Re: Odd corruption issue reported on dba.stackexchange.com, need advice

From: Tom Lane <tgl(at)sss(dot)pgh(dot)pa(dot)us>
To: Scott Marlowe <scott(dot)marlowe(at)gmail(dot)com>
Cc: Craig Ringer <ringerc(at)ringerc(dot)id(dot)au>, Marcin Mańk <marcin(dot)mank(at)gmail(dot)com>, Jeff Davis <pgsql(at)j-davis(dot)com>, "pgsql-general(at)postgresql(dot)org" <pgsql-general(at)postgresql(dot)org>
Subject: Re: Odd corruption issue reported on dba.stackexchange.com, need advice
Date: 2012-07-24 14:45:16
Message-ID: 21697.1343141116@sss.pgh.pa.us
Views: Raw Message | Whole Thread | Download mbox | Resend email
Thread:
Lists: pgsql-general

Scott Marlowe <scott(dot)marlowe(at)gmail(dot)com> writes:
> On Tue, Jul 24, 2012 at 7:48 AM, Craig Ringer <ringerc(at)ringerc(dot)id(dot)au> wrote:
>>> # if that still not helps, use the big hammer
>>> if (-f $info{'pgdata'}.'/postmaster.pid') {
>>> print "(does not shutdown, killing the process)";
>>> $pid = get_running_pid $info{'pgdata'}.'/postmaster.pid';
>>> kill (9, $pid) if $pid;
>>> unlink $info{'pgdata'}.'/postmaster.pid';
>>> $result = 0;
>>> }

>> Could the "big hammer mode" be what's killed the database?

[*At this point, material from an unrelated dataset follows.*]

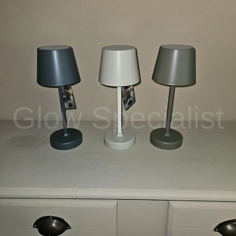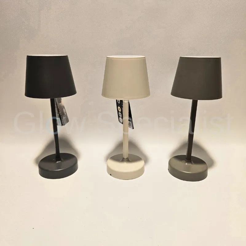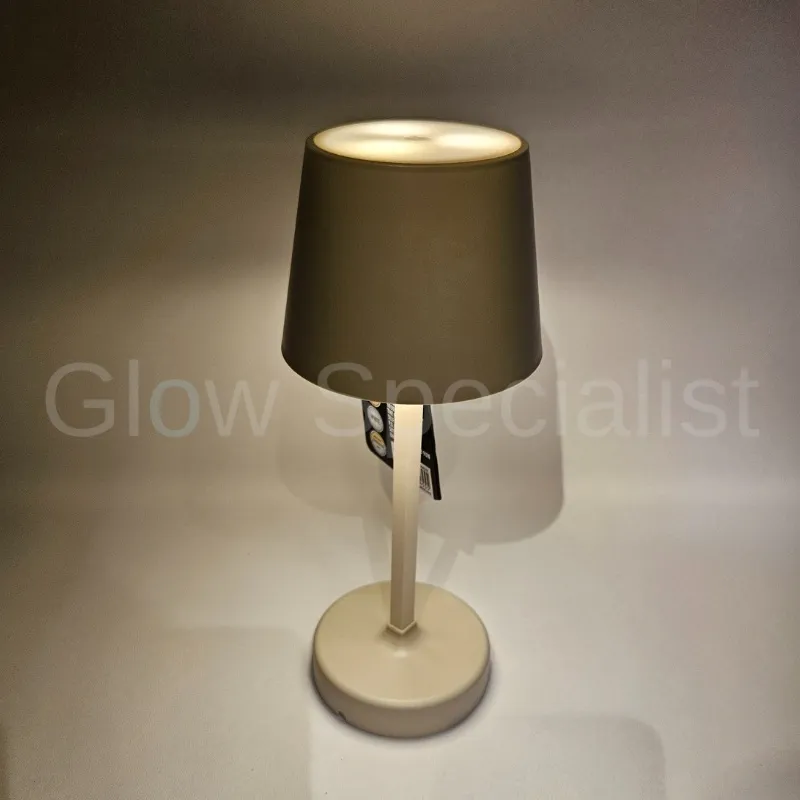 De lamp heeft een ronde voet en een modern 'schemerlampkapje'. Hij is dimbaar en werkt op 3 x AA batterijen (niet meegeleverd). Je zet 'm dus overal neer zonder stroom nodig te hebben. Ook handig voor op je balkon of op de camping. Zorg wel dat hij met regen droog staat.

> Yes PG should theoretically survive be able to survive anything as
> long as fsync is being properly honored.

I will tell you what is horridly, horridly dangerous and stupid about
that script, and it's not the kill -9 on the postmaster. It's the
forced unlink on the postmaster.pid file, which (a) is entirely
unnecessary, and (b) defeats the safety interlock against starting
a new postmaster before all the old backends have flushed out.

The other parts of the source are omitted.